The minister is free to disregard the advice, but the public service should provide it.

Human rights are about things that are especially important to human beings. That’s why our society gives them the elevated status it does.

The public service should tell ministers the human rights that are relevant to their initiatives, and how rights can help to design and deliver effective, fair, inclusive policies.

The double standard at the core of the public service reform is that the bill explicitly secures the human rights of public service employees, but it fails to require these employees to explicitly take account of New Zealand’s national and international human rights commitments that are designed to protect us all.

Out of step

This is especially remarkable because it runs against a strong current, within Parliament and the public service, flowing in the opposite direction.
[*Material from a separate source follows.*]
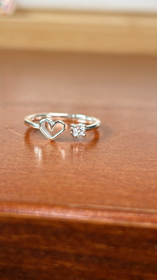 Anillo corazón y circonia
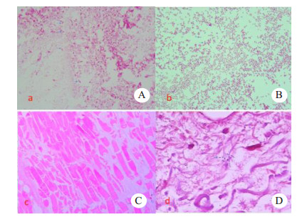 A:患者坏死组织涂片镜下观,可见G-弧菌(HE×1 000);B:菌落涂片镜下观,可见大量G-弧菌(HE×1 000);C:肌纤维肿胀、溶解(HE×400);D:高倍镜下可见弧菌(HE×1 000) 图 1 感染部位组织病原学及病理学检查

For example, the Oranga Tamariki Act, first passed in 1989, explicitly requires human rights to be “respected and upheld”. 

Scotland, Canada, Germany, Finland and other countries increasingly give explicit recognition to human rights commitments in their policy-making processes.

So how could the bill be amended? The reforms set out the purpose and principles which should animate the public service. A few suitable words in these provisions would do the job. For example, a call for the public service to “uphold national and international human rights commitments”.

Serving communities?

In a welcome development, the bill says the “fundamental character of the public service is acting with a spirit of service to the community”. But this sounds hollow when the public service’s only explicit human rights commitment is to those of its employees.

Human rights are for everyone, everywhere, every day. They are for individuals, whānau, iwi and communities. They are about clinics, hospitals, residential care, decent homes, fair wages, a healthy environment, schools, universities, robust democracy, humane prisons, and building strong inclusive communities. 

Last week, the Office of Ethnic Communities published Conversations with Aotearoa New Zealand’s Muslim Communities. It reported “public services need to lead by example in addressing racism, hate speech, discrimination and Islamophobia, and create an environment of inclusion and acceptance”.

In short, the public service must take explicit human rights seriously both within the public service and beyond.

Stop the hypocrisy

Human rights place commitments on government, including the public service.

They should not be reduced to an empty tick-box compliance check as already completed policy papers approach the Cabinet.

Human rights should not be an after-thought. They should be on the policy table, in the mix, at the beginning of the policy process.

They contribute to robust policy-making and enhance fairness and inclusion.

The omission of a requirement for the public service to uphold national and international human rights commitments is extremely serious.

It’s not too late to stop the double standard, hypocrisy and backsliding – and put matters right.